Coaching Youth Softball – Working with the Body, Not Against It

They say that…

..the day you stop learning you die.

..coaches who stop going to clinics and courses and always seeking better ways of doing things should retire.

…all the most successful people in society are lifelong learners and never stop learning.

Well, since I am not anywhere close to dying or retiring and that I want to be successful, I decided to spend the weekend learning more about softball hitting and pitching with some of the greatest minds of our sport.

I am currently attending the NFCA Coaches College 402 Course on advanced hitting and pitching in Portland, Oregon.

The instructors are Kirk Walker, Head Coach at Oregon State, Margie Wright, Head Coach at Fresno State, and Don Slaught, former MLB catcher, world-renowned hitting instructor, and owner of RighViewPro, the innovative hitting and pitching analysis software used extensively at the college level.

Today, they talked about numerous principles, concepts and techniques.

However, what struck me most was that both Kirk Walker and Don Slaught have a teaching philosophy similar to mine.

I am not talking about their hitting or pitching philosophy but rather how they like to instruct it.

They are both big believers in working with the body. What I mean by that is that they are believers in helping the athlete “feel” what they do rather than tell them flat out what to do.

They believe in not saying too much (overloading athletes with technical information and breaking things down to the smallest details for no reason) but rather use only a few cues and drills that will help the athlete figure out how to do it and use corrective instruction and drills when it is required.

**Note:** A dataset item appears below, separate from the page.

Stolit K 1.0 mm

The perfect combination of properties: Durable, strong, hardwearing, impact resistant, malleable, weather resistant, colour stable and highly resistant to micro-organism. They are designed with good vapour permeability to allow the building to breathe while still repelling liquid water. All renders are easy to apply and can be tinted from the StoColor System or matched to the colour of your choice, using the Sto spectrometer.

They believe in helping the body optimize what it does well naturally.

You see, the body naturally wants to use the most natural and efficient way of doing things.

If what you want to do is to generate a lot of explosive power to throw something, most of the time, the body, after trying it out for a bit, will figure out naturally the best and most efficient way to do it.

The problem today is that we put a lot of focus on very detailed and small technical elements that we somehow create robots who don’t look that smooth and natural in their execution.

Too much information can actually be counter productive. We have to be less “mechanical” and focus more on becoming more “natural”.

It should feel effortless. It should be flowing. It should be smooth and graceful.

So, do you work with your body or against it by working with too much technical information?